Retype all of the listing exactly, with no pictures.

──────── Raw data

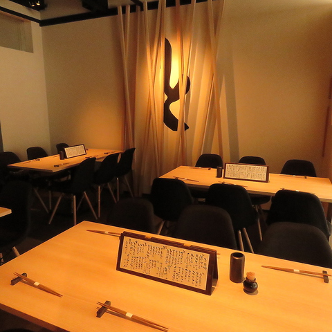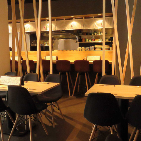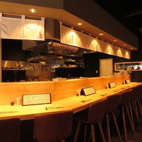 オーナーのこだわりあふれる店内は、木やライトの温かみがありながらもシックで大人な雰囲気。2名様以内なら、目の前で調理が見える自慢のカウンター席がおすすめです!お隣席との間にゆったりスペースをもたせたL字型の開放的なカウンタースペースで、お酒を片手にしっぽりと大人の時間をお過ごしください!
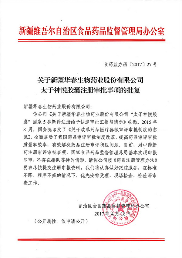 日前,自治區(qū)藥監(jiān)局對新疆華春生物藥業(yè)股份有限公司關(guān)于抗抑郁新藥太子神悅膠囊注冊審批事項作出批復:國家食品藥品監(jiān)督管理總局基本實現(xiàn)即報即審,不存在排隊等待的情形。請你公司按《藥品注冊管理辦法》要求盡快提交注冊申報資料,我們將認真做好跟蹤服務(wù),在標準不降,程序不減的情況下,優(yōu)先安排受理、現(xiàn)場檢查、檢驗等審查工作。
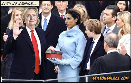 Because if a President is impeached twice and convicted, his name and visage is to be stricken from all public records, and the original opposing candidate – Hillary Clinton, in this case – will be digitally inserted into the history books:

────────────────

**Solved problem**:
 オーナーのこだわりあふれる店内は、木やライトの温かみがありながらもシックで大人な雰囲気。2名様以内なら、目の前で調理が見える自慢のカウンター席がおすすめです!お隣席との間にゆったりスペースをもたせたL字型の開放的なカウンタースペースで、お酒を片手にしっぽりと大人の時間をお過ごしください!
 日前,自治區(qū)藥監(jiān)局對新疆華春生物藥業(yè)股份有限公司關(guān)于抗抑郁新藥太子神悅膠囊注冊審批事項作出批復:國家食品藥品監(jiān)督管理總局基本實現(xiàn)即報即審,不存在排隊等待的情形。請你公司按《藥品注冊管理辦法》要求盡快提交注冊申報資料,我們將認真做好跟蹤服務(wù),在標準不降,程序不減的情況下,優(yōu)先安排受理、現(xiàn)場檢查、檢驗等審查工作。
 Because if a President is impeached twice and convicted, his name and visage is to be stricken from all public records, and the original opposing candidate – Hillary Clinton, in this case – will be digitally inserted into the history books:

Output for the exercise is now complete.